From 95c5e40f89717b69a2a0d88020d77355072b3991 Mon Sep 17 00:00:00 2001
From: iadgovuser29 <33426478+iadgovuser29@users.noreply.github.com>
Date: Tue, 23 Nov 2021 22:01:16 -0500
Subject: [PATCH] Utilize protobuf to parse claim response. Work on array
 handling on ACA.

---
 ...stractAttestationCertificateAuthority.java |  2 +-
 .../SupplyChainValidationServiceImpl.java     |  8 ++---
 .../src/ProvisionerTpm2.proto                 |  2 +-
 .../src/RestfulClientProvisioner.cpp          | 31 ++++++++++---------
 HIRS_ProvisionerTPM2/src/TPM2_Provisioner.cpp | 17 +++++-----
 .../java/hirs/data/persist/PCRPolicy.java     | 16 +++++-----
 6 files changed, 39 insertions(+), 37 deletions(-)

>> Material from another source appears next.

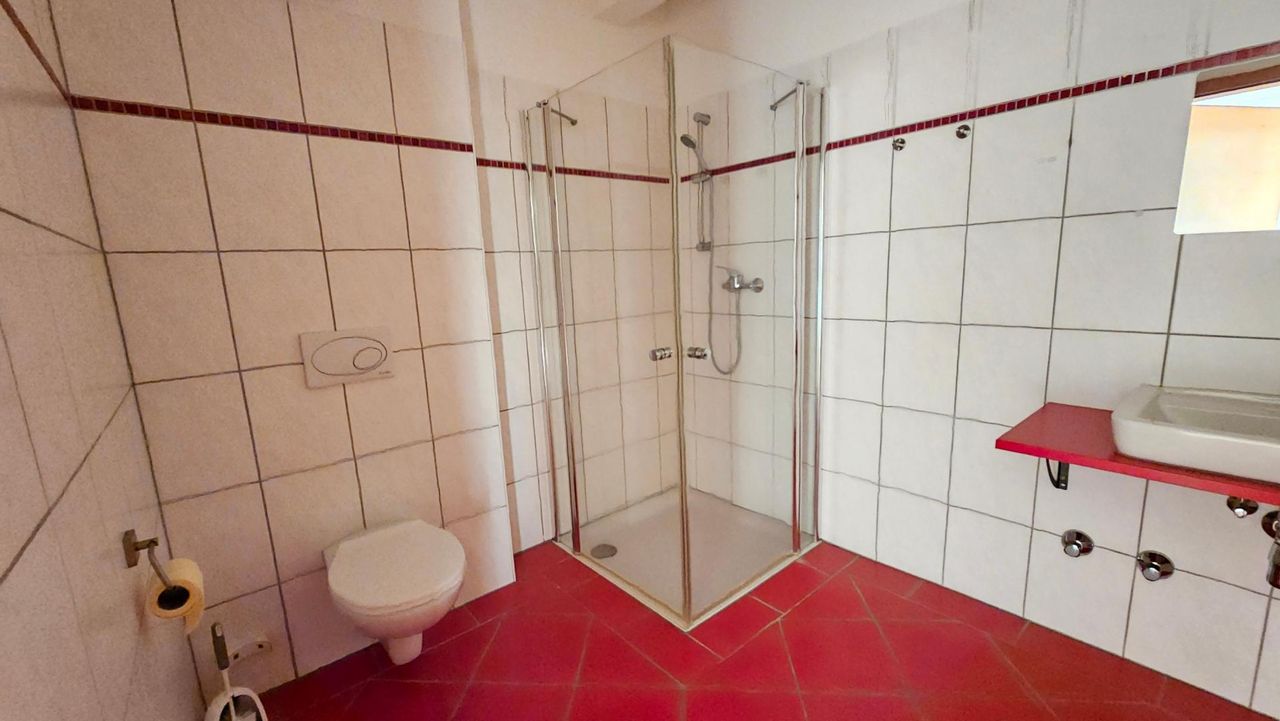 Im Bad ist eine eben begehbare Dusche verbaut.

diff --git a/HIRS_AttestationCA/src/main/java/hirs/attestationca/AbstractAttestationCertificateAuthority.java b/HIRS_AttestationCA/src/main/java/hirs/attestationca/AbstractAttestationCertificateAuthority.java
index 637e0702..451bfae1 100644
--- a/HIRS_AttestationCA/src/main/java/hirs/attestationca/AbstractAttestationCertificateAuthority.java
+++ b/HIRS_AttestationCA/src/main/java/hirs/attestationca/AbstractAttestationCertificateAuthority.java
@@ -458,7 +458,7 @@ public abstract class AbstractAttestationCertificateAuthority
             // Package response
             ProvisionerTpm2.IdentityClaimResponse response
                     = ProvisionerTpm2.IdentityClaimResponse.newBuilder()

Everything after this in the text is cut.